__EXERCISE PROMPT__.
Write out exactly the lines of the entries below from the one holding "देहरादून। विकासनगर क्षेत्र" to the one holding "- grootte van de douchekop: 460 x 270 mm", inclusive, and leave out all other lines.

__DATA SUPPLIED__.
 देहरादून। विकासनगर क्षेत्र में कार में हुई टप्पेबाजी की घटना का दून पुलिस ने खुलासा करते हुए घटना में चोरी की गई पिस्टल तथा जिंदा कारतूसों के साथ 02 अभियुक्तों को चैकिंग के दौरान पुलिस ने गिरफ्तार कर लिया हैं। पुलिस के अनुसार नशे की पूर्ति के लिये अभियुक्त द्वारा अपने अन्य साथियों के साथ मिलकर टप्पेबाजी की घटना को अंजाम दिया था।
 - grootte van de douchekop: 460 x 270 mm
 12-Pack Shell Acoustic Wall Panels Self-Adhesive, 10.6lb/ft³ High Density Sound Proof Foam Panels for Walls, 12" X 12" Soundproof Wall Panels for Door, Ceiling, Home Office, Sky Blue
* * *
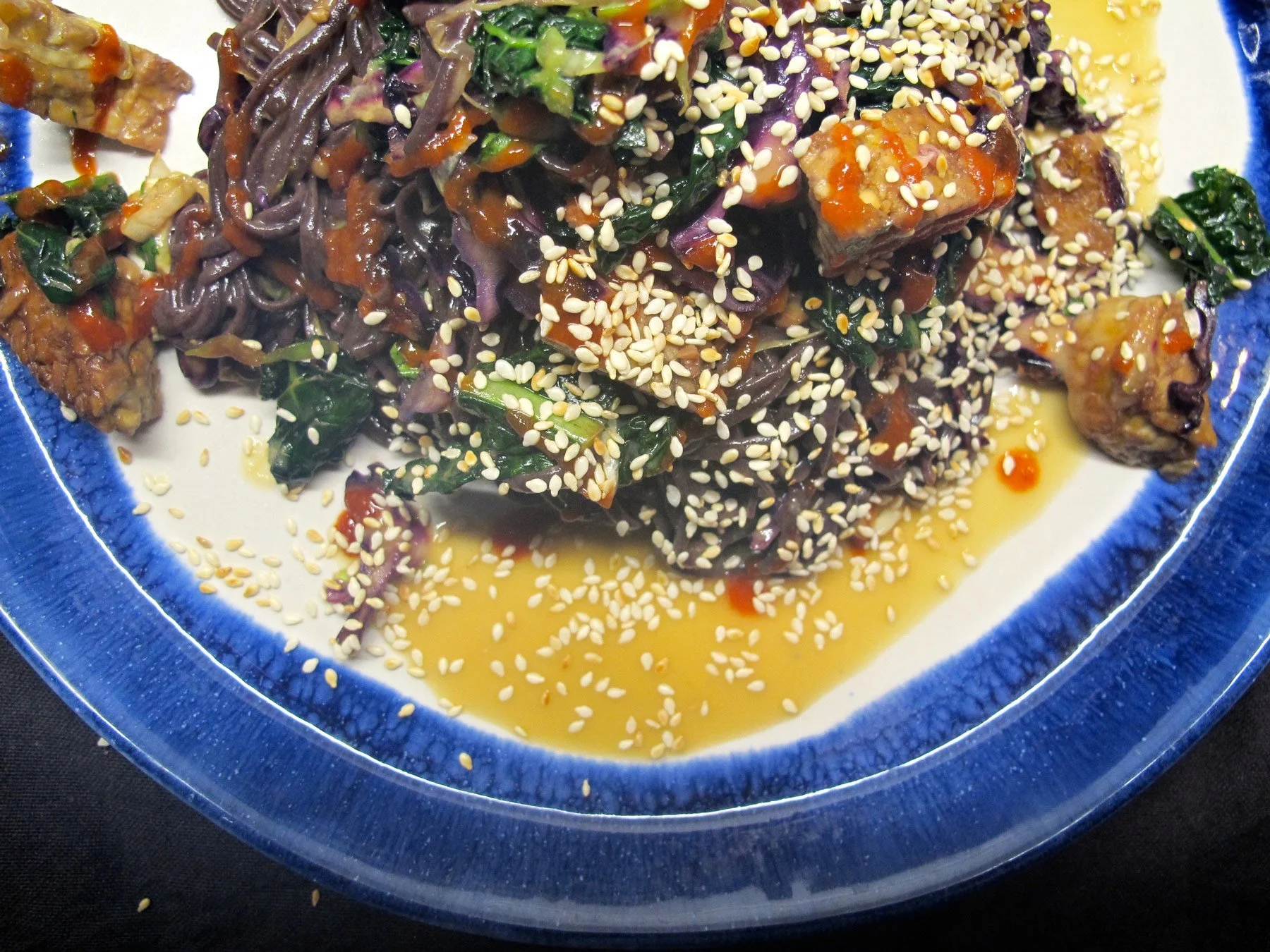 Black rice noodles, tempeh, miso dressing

__ANSWER SECTION__.
 देहरादून। विकासनगर क्षेत्र में कार में हुई टप्पेबाजी की घटना का दून पुलिस ने खुलासा करते हुए घटना में चोरी की गई पिस्टल तथा जिंदा कारतूसों के साथ 02 अभियुक्तों को चैकिंग के दौरान पुलिस ने गिरफ्तार कर लिया हैं। पुलिस के अनुसार नशे की पूर्ति के लिये अभियुक्त द्वारा अपने अन्य साथियों के साथ मिलकर टप्पेबाजी की घटना को अंजाम दिया था।
 - grootte van de douchekop: 460 x 270 mm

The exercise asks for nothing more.